A range of AKT inhibitors is in clinical development for various oncology indications. While most compounds bind to the ATP site of AKT, ARQ-092 (ArQule, Burlington, MA, USA), MK-2206 (Merck Co., Kenilworth, NJ, USA), and ipatasertib (Roche, Basel, Switzerland) are allosteric inhibitors of AKT. ARQ-751 (ArQule) is in Phase I clinical development. ARQ-92, MK2206, ipatasertib as well as capivasertib (Astra Zeneca), uprosertib (GSK, Brentford, UK), and triciribine (Prescient Therapeutics, South Melbourne, Australia) have made it into Phase II trials in oncology indications (Figure 2). ARQ-092 is tested in patients with PROS and Proteus Syndrome (NCT03094832).

Besides the compounds listed in Figure 2, efforts are ongoing to target other components of the PI3K signaling cascade like S6 kinase (S6K), phosphatidylinositol-4-phosphate 3-kinase C2 domain-containing alpha polypeptide (PIK3C2), and Unc-51-like autophagy activating kinase (ULK) [31,32].

Most compounds are currently being evaluated in solid and hematological cancers. Some molecules that cross the blood-brain barrier are being tested in cancers of the CNS like glioma, glioblastoma, or in brain metastases [33,34,35].

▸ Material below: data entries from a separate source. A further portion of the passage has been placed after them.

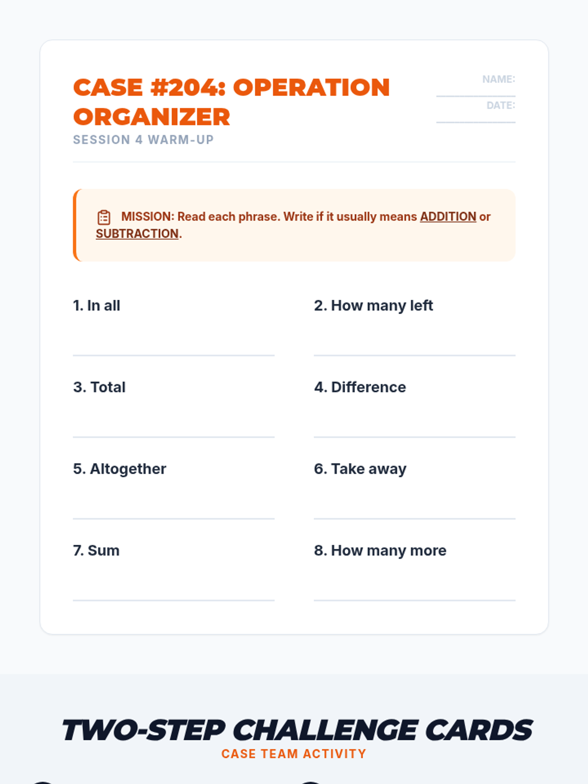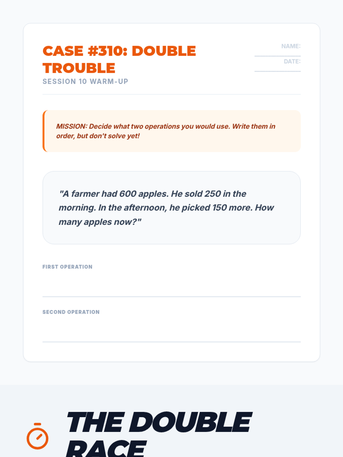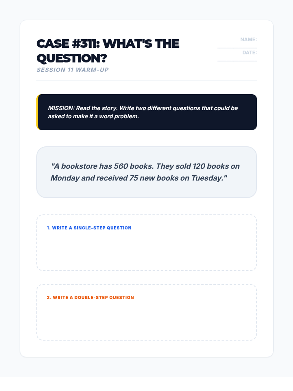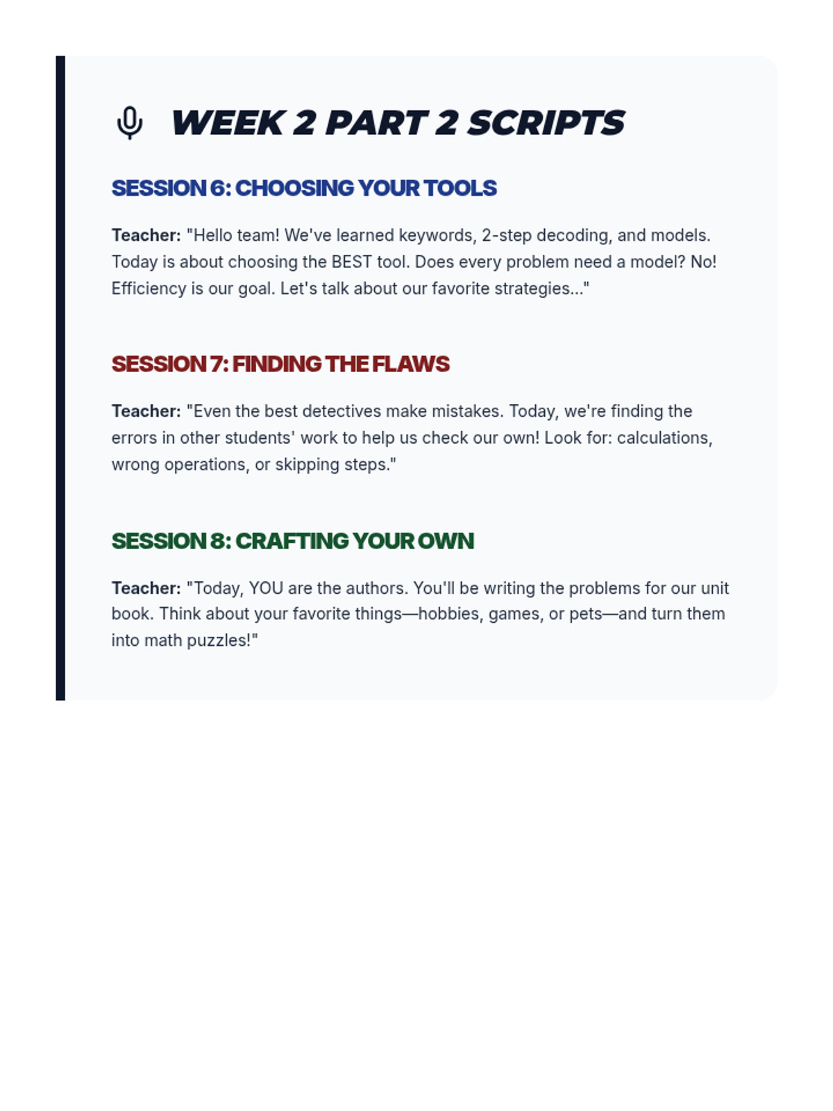 A comprehensive 3-week, 12-session math intervention unit for 2nd-3rd grade students, focusing on mastering single and double-step addition and subtraction word problems within 1000 through a detective-themed approach.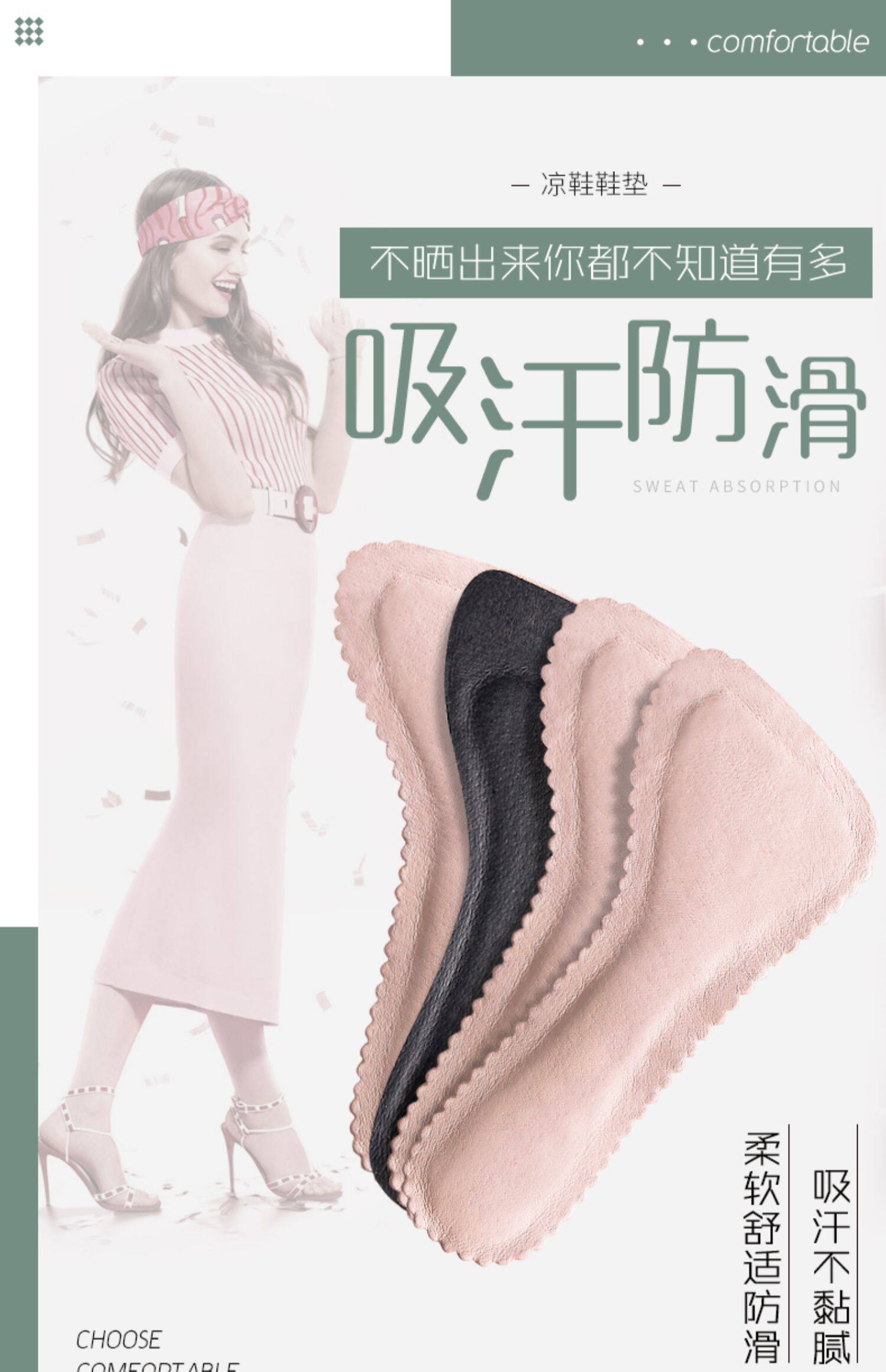 Нескользящие босоножки, коньки, самоклеющиеся ультратонкие стельки, комфортные летние туфли на высоком каблуке, впитывают пот и запах, мягкая подошва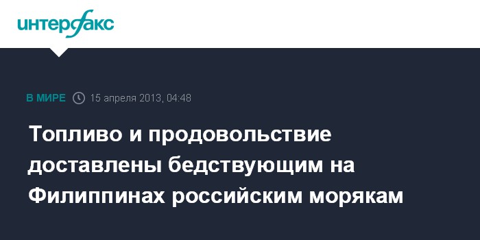 Топливо и продовольствие доставлены бедствующим на Филиппинах российским морякам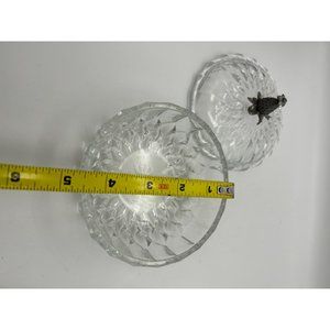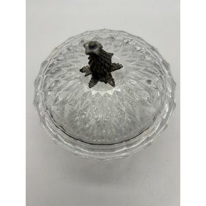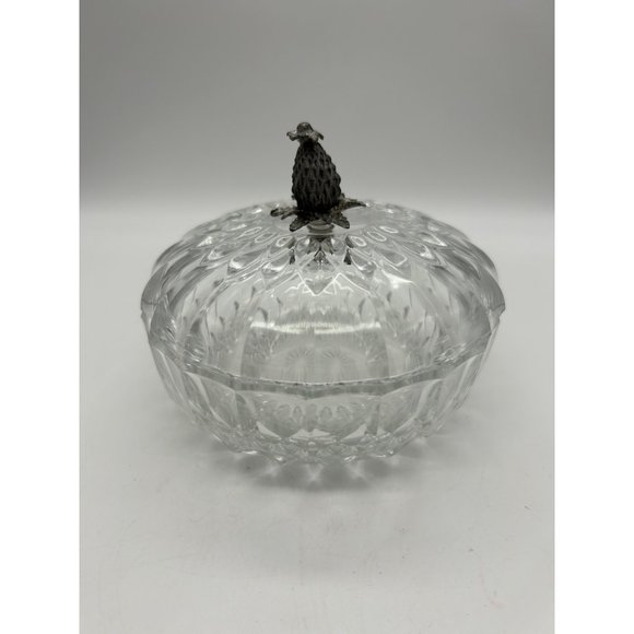 Vintage Signed Val St Lambert Crystal Covered Candy Dish Pewter Pineapple Accent On top. Signed on bowl and lid. Great Condition no cracks or chips 4.5" Diameter

2.2. Sensitivity Markers and Patient Selection

Even after years of PI3K inhibitor development, no clear sensitivity markers have been found that would predict better responses in patients. Many screens of cancer cell lines were performed. While some cell populations showed a higher degree of sensitivity for cell lines carrying PI3K mutations, other populations did not indicate a clear correlation. Negative predictors have been identified on an experimental level. Activation of the MAPK pathway via B-Raf proto-oncogene (BRAF) or RAS (RAS GTPase) mutations are associated with resistance to PI3K inhibition. These mutations might be used as negative predictors for drug efficacy [36,37,38,39,40,41]. However, exclusion of patients with tumors that carry mutations predicting treatment resistance was never translated into clinical testing. Many clinical trials have been performed with patients that were not carefully selected for a response. More recently, pre-selection of particular patient groups has become mandatory. For example, LY3023414 is tested in a Phase 2 study in children with solid tumors, non-Hodgkin’s lymphoma or histiocytic disorders with TSC or PI3K/mTOR mutations and bimiralisib is under clinical investigation in head and neck squamous cell carcinoma harboring a NOTCH1 loss of function mutation [42,43]. The recent approval of alpelisib (Piqray®, Novartis, Basel, Switzerland) for treating hormone responsive breast cancer with GOF mutations in PIK3CA shows that patient selection for particular mutations, although not perfect, may be beneficial. Patients without PI3K mutation had no benefit in progression-free survival while patients with mutations clearly responded when treated with alpelisib in the Phase 3 SOLAR-1 trial [44].

2.3. Tolerability in the Oncology Setting

Systemic toxicity has been a major hurdle for the development of PI3K inhibitors, which becomes even more prominent when discussing the treatment of non-oncology indications. To achieve sufficient efficacy, about 90% of signaling inhibition in the tumor appears to be required. This is occasionally only achievable at doses that are associated with adverse events [1]. This may, in part, be due to the fact that GOF mutations in the PI3K/mTOR pathway do not appear to be strong drivers of cancer growth.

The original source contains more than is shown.